1. Uçağın rüzgar kanatları ile donatılmış olmasına rağmen, pilotlara mevcut saldırı açısı hakkında bilgi verilmez (600 serisi ve sonraki uçakların bazı konfigürasyonları hariç). Bu tür bilgilerin sunulması, bilgisayarın irtifa ve hız parametreleri için güvenilmez çalışması, uçağın ağırlığı hakkında navigasyon bilgisayarına (FMC) hatalı bilgi girişi, uçağın zor bir pozisyondan çıkarılması, iniş gibi durumlarda büyük ölçüde yardımcı olacaktır. çeşitli mekanizasyon başarısızlıkları ile yaklaşım vb.

2. Motor kontrol yasasında, türbinin arkasında izin verilen maksimum gaz sıcaklığına ulaşıldığında motor modunun doğrudan bir sınırlaması yoktur.
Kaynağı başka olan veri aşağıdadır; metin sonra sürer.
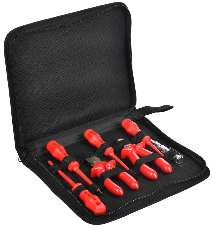 Набор диэлектрического инструмента N-02 серии К2 (Profi) рассчитан на использование под напряжением до 1000 В. Комплект включает в себя пассатижи 160мм, бокорезы 160мм, крестообразные отвертки PH1х80, PH2х100; шлицевые отвертки SL4,0х100, SL5,5х125 и отвертку-пробник ОП-1. Материал рукояток - поливинилхлорид PVC.
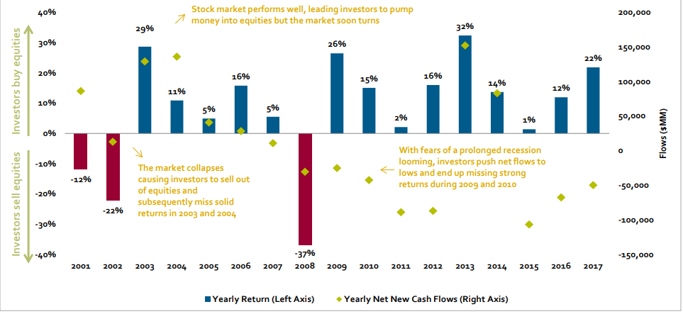 While Morgan Stanley notes that investors tend to cash in or out of equities at "inopportune times"
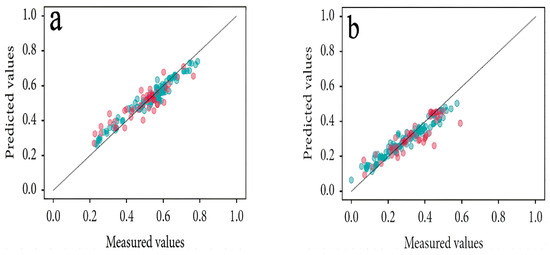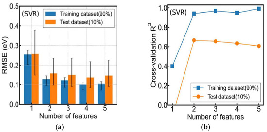 (a) The average RMSE of 500 random divisions for the training and test datasets of the multidimensional feature SVR model. (b) The cross-validation R2 of the best-performing model of the SVR model [23].
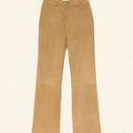 For Fall, we’ve introduced a suede iteration of our beloved Maritime Jean. Crafted from supple goat suede from a certified responsible tannery, the DÔEN Heirloom Leah Suede Pant—an extra-special style favored by our co-founder, Katherine—features a high waist with a button and zipper closure, a sailor leg, two front patch pockets, and two back pockets.
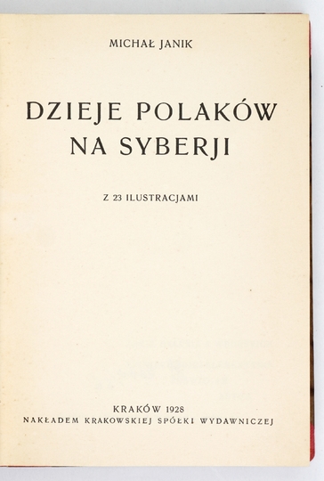 JANIK Michał – Dzieje Polaków na Syberji. Z 23 ilustracjami. Kraków 1928. Krakowska Spółka Wyd. 16d, s. VIII, 472, tabl. 13. opr. nieco późn. ppł. [Z Historji i Literatury].
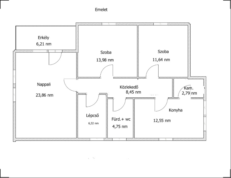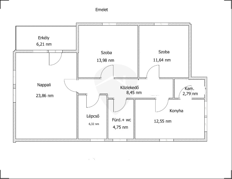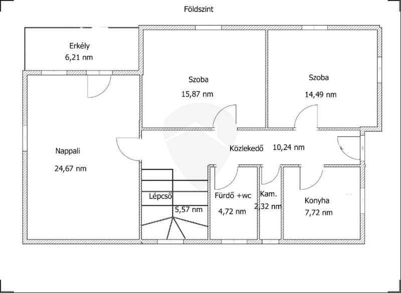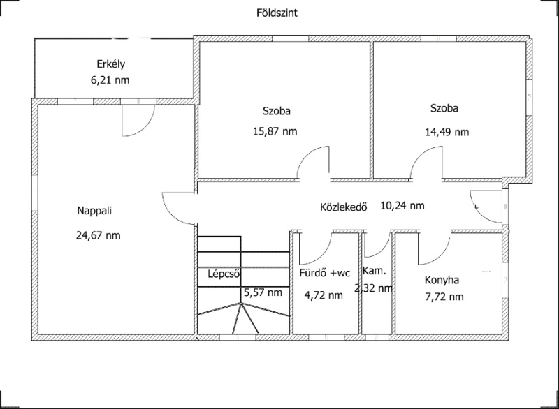 Lakóterület két szinten: 160 nm (földszinten és emeleten szintenként 80 nm)
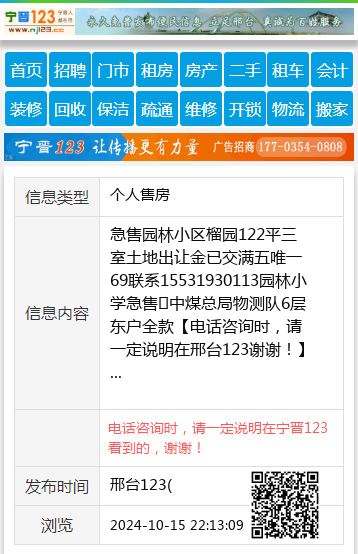 急售园林小区榴园122平三室土地出让金已交满五唯一69联系15531930113园林小学急售中煤总局物测队6层东户全款 【电话咨询时,请一定说明在邢台123谢谢!】 |
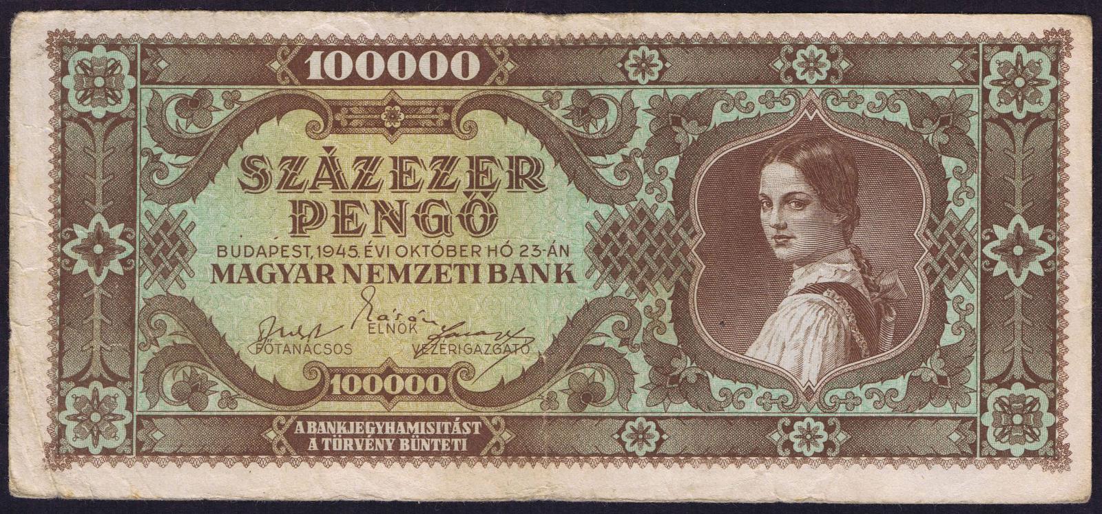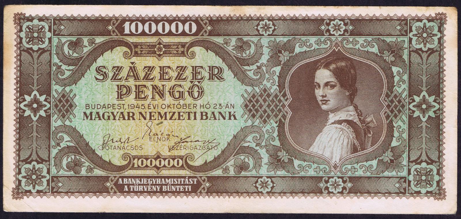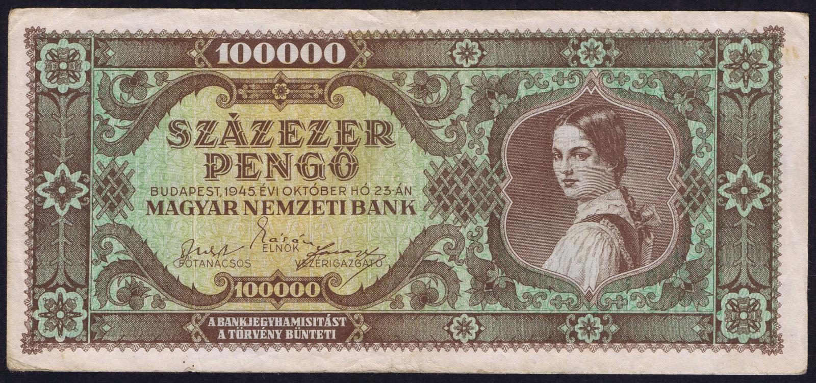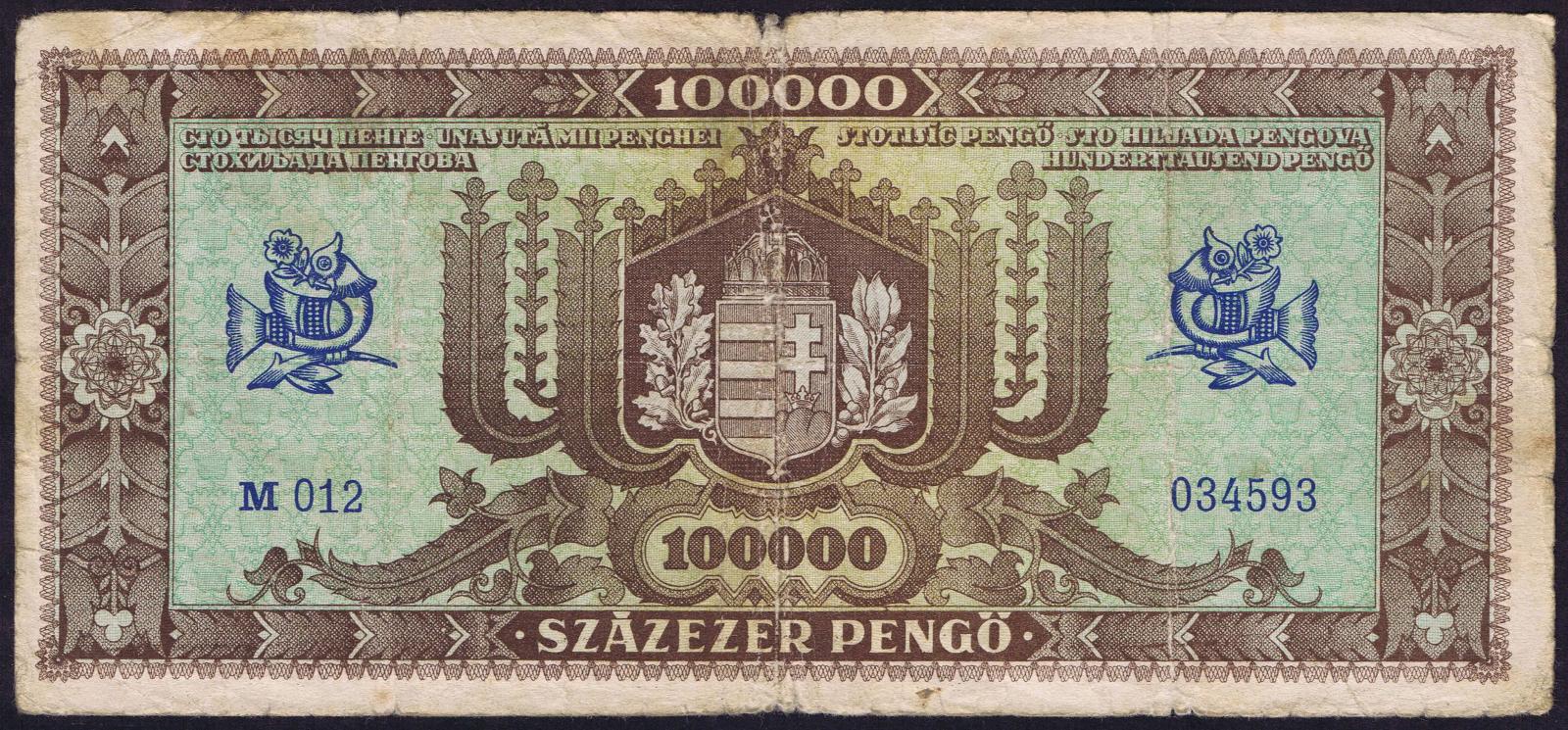 28.5.1946. 100,000 (Egyszázezer) Adópengö. Brown-lilac on pink underprint. Back: Arms in underprint at center. White paper without watermark, without serial number. 5.600/1946. M.E. on back.
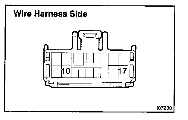 Connect the wire harness side connector to the light control and dimmer switch and inspect the connector from the back side, as shown.
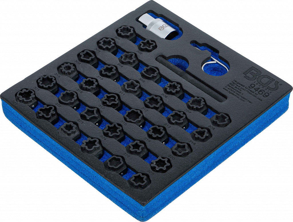 Komplet za montažo in demontažo varnostnih vijakov platišč Mercedes-Benz v penastem vložku.

Bu nedenle, kalkış hızının arttırılması sürecinde, türbinin arkasındaki gazların sıcaklığı sürekli olarak artar ve sıcak havalarda büyük kalkış ağırlıklarına sahip kalkışlar sırasında izin verilen maksimum değeri aşabilir. Bu, kalkış koşusu ve ilk tırmanış sırasında motor modunun ek kontrolü ve manuel ayarı için mürettebata ek bir yük getirir. Hangi uçuş güvenliği için elverişli değildir.
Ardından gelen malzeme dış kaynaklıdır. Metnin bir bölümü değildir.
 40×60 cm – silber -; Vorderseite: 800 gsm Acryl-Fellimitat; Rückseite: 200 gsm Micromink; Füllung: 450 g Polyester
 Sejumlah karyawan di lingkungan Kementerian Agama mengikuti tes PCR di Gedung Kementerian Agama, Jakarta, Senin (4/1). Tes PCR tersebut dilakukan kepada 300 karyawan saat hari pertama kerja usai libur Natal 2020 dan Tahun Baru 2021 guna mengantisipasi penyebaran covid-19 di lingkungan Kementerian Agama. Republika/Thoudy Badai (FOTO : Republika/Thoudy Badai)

3. Uçağın, özellikle kanatlar uzatıldığında aşırı yanal stabilitesi vardır. Bu, pilot uygulamasını karmaşıklaştırır ve şiddetli yan rüzgarlarda ve türbülanslı bir atmosferde uçarken kalkış ve iniş sırasında yolculara rahatsızlık verir.

Bu paragrafa örnek olarak 13 Şubat 2008 tarihinde Ukrayna Uluslararası Havayollarına ait Boeing 737-500 ile yaşanan olay uygundur.

Kuvvetli bir yan rüzgarda Helsinki'ye inerken, mürettebat komutanı, aşırı enerjiyle esen rüzgarın neden olduğu yuvarlanmayı savuşturarak kanat ucunun piste değmesine izin verdi.

Bir kanatçıklı NG modifikasyonunun uçaklarında, bu dezavantaj daha da yoğunlaştı.

Aynı nedenle, kalkışta motor arızası durumunda meydana gelen kaymaya uçak bir yuvarlanma ile sert tepki verir. Bu durumda, direksiyon simidinin yuvarlanma boyunca tam olarak sapması, yalpalama momentini savuşturmak için yeterli değildir ve meydana gelen kaymayı savuşturmak için dümeni gecikmeden saptırmak gerekir. Doğal ufkun görünürlük koşullarında, bu sorun kural olarak sorunsuz bir şekilde çözülür. Ancak bulutlarda veya sınırlı görüşte, bu sorunun çözümü özel eğitim gerektirir ve Sovyet görüntüleme sistemine göre pilotluk yapmaya alışmış pilotlar için oldukça zordur - yerden uçağa bir görünüm.

4. Thomsonfly Boeing 737-300 ile 23 Eylül 2007'de Bournemouth'ta (İngiltere) meydana gelen olayla ilgili soruşturmaya ilişkin AAIB (Hava Kazaları Soruşturma Şubesi) raporuna göre, asansörün tam sapması, fırlatmayı savuşturmak için yeterli değildi. motorlardan bir an. Uçağı stall modundan çıkaran ekip, motorları tam kalkış gücünü aşan bir moda getirdi. Aynı zamanda, komutanın kontrol sütununu kendisinden tamamen reddetmesine rağmen, uçağın eğimi 44 dereceye yükseldi. Bu durumda, bir stabilizatör yardımına ihtiyaç vardır.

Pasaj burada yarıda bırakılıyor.